Whether a patent is infringed is a question of fact, and cannot be resolved on pleadings by adverse inference or assumption. Contrary to the theory of the panel majority, Warner-Lambert does not support this dismissal. In Warner-Lambert the patented neurodegenerativo use was not the label-approved use, and was not the use for which the ANDA was submitted. 316 F.3d at 1364 (“In the absence of any evidence that Apotex has or will promote or encourage doctors to infringe the neurodegenerativo method patent [for the “off-label” use], there has been raised no genuine issue of material fact.”). In contrast, for Yasmin® it is not disputed that the three properties recited in the patent claim are coextensive with the FDA-approved label. Bayer’s complaint, and the several declarations provided in response to this motion, show that the FDA so recognized, and also show that physicians prescribe Yasmin® for this combination of effects. The court errs in ruling as a matter of law that the FDA-approved label for Yasmin® does not encompass the three effects stated in the label and claimed in the '652 patent. Bayer’s complaint contains well pleaded and well-supported factual allegations, and states a plausible claim of infringement. The complaint “statefs] a claim for relief that is plausible on its face.” Twombly, 550 U.S. at 570, 127 S.Ct. 1955.

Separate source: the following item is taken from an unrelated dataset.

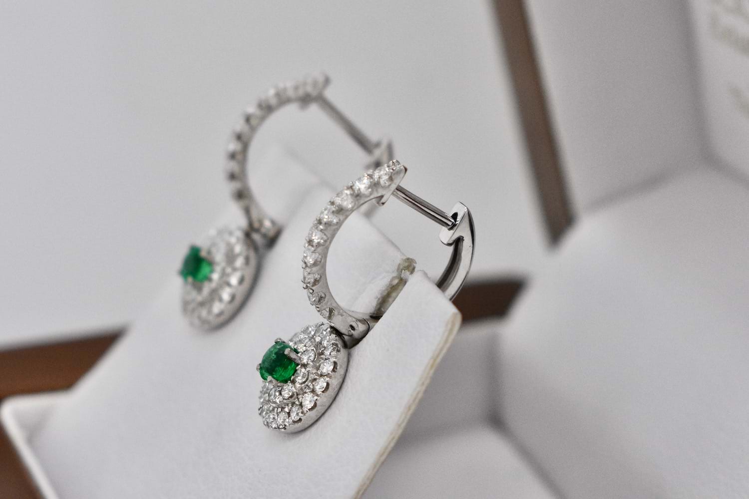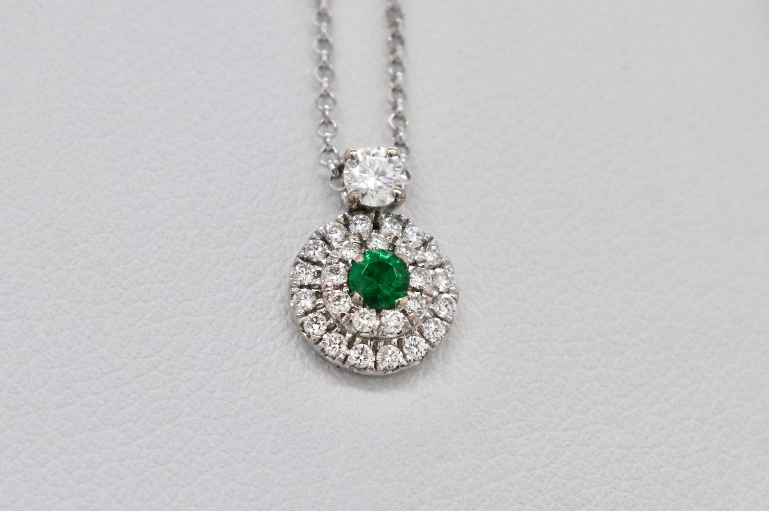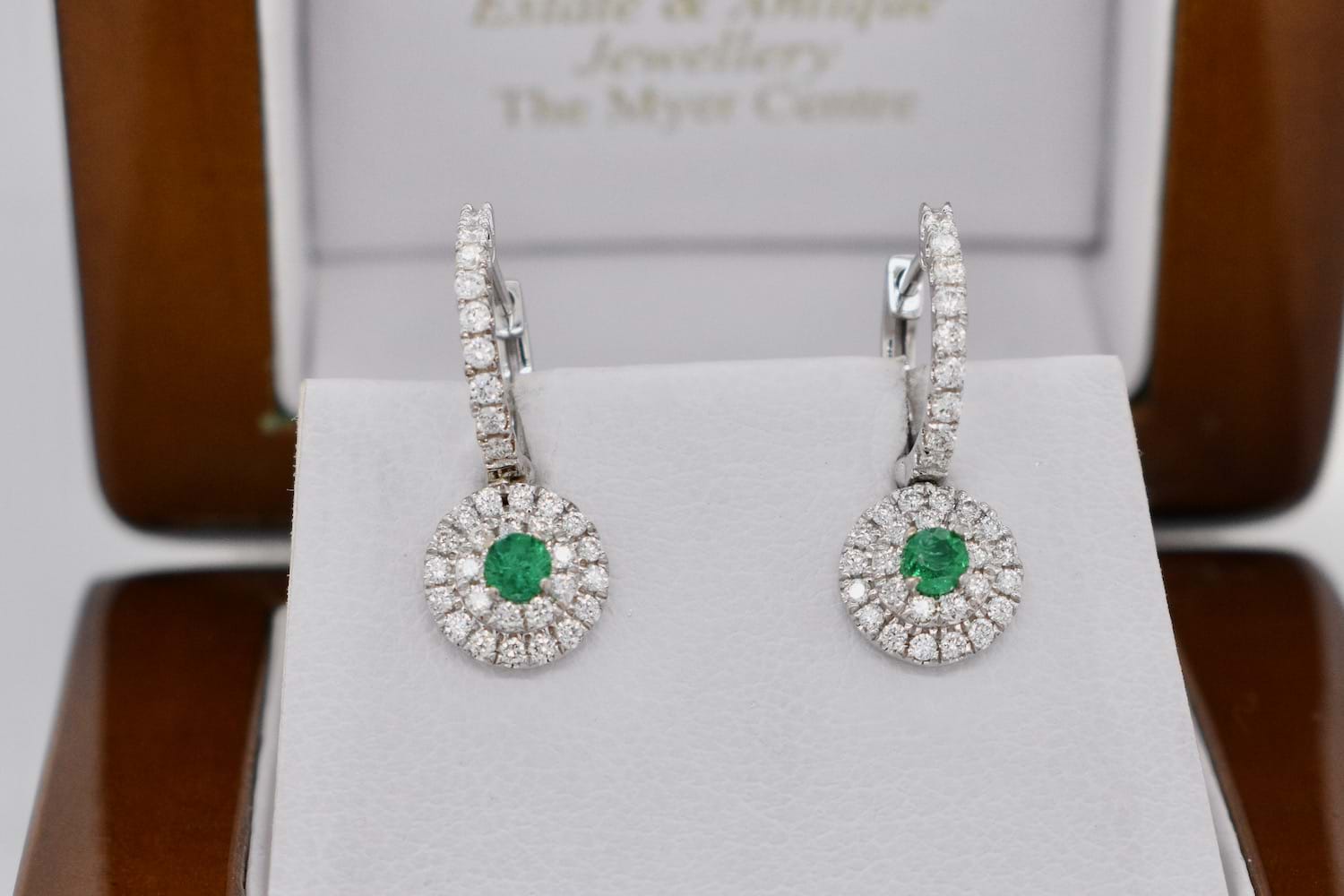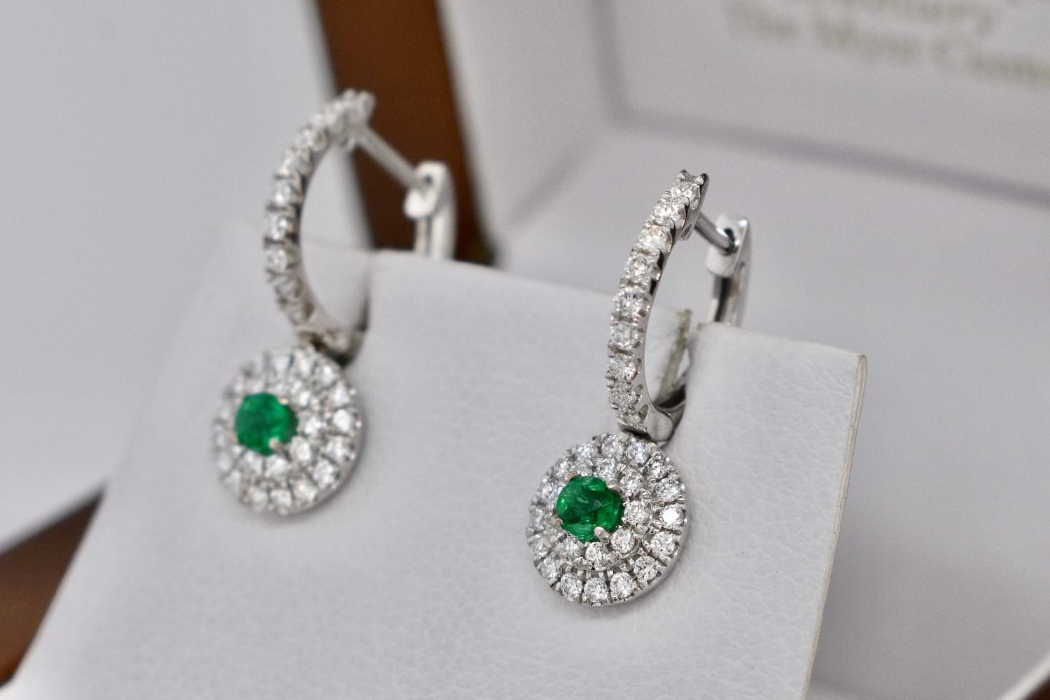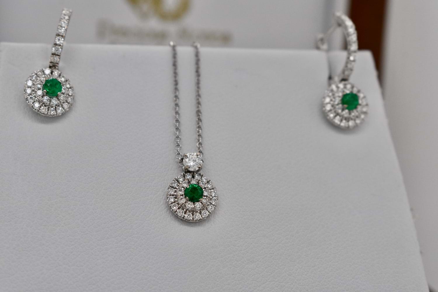 This pretty and feminine set of earrings and necklace were designed around the three bright mid green emeralds. Crafted in 18ct white gold the set contains a total of 0.67cts of shimmering diamonds and three emeralds equal 0.30cts. Independent Valuation Supplied.

This appeal is from dismissal and judgment on the pleadings. However, a plaintiffs nonconclusory factual allegations must be taken as true at this stage. See Swierkiewicz v. Sorema N. A, 534 U.S. 506, 508 n. 1, 122 S.Ct. 992, 152 L.Ed.2d 1 (2002) (on a motion to dismiss, the court “must accept as true all of the factual allegations contained in the complaint.”). These firm premises are reinforced in Ashcroft v. Iqbal, 556 U.S. 662, 129 S.Ct. 1937, 173 L.Ed.2d 868 (2009). Yet the court discounts Bayer’s factual allegations, creating adverse inferences unrelated to either FDA approval or the criteria of infringement. See Allergan, Inc. v. Alcon Labs., Inc., 324 F.3d 1322, 1331 (Fed.Cir.2003) (“a court must employ a traditional infringement analysis, focusing on all elements of infringement”). The court in Allergan explained once again that the “only difference in the analysis of a traditional infringement claim and a claim of infringement under section 271(e)(2) is the time-frame under which the elements of infringement are considered.” Id.
Bayer is entitled to the opportunity to resolve patent infringement at the Hateh-Waxman stage. Dismissal of the complaint was contrary to the premises of the *1331Federal Rules, and contrary to the purposes of the Hatch-Waxman Act. I respectfully dissent.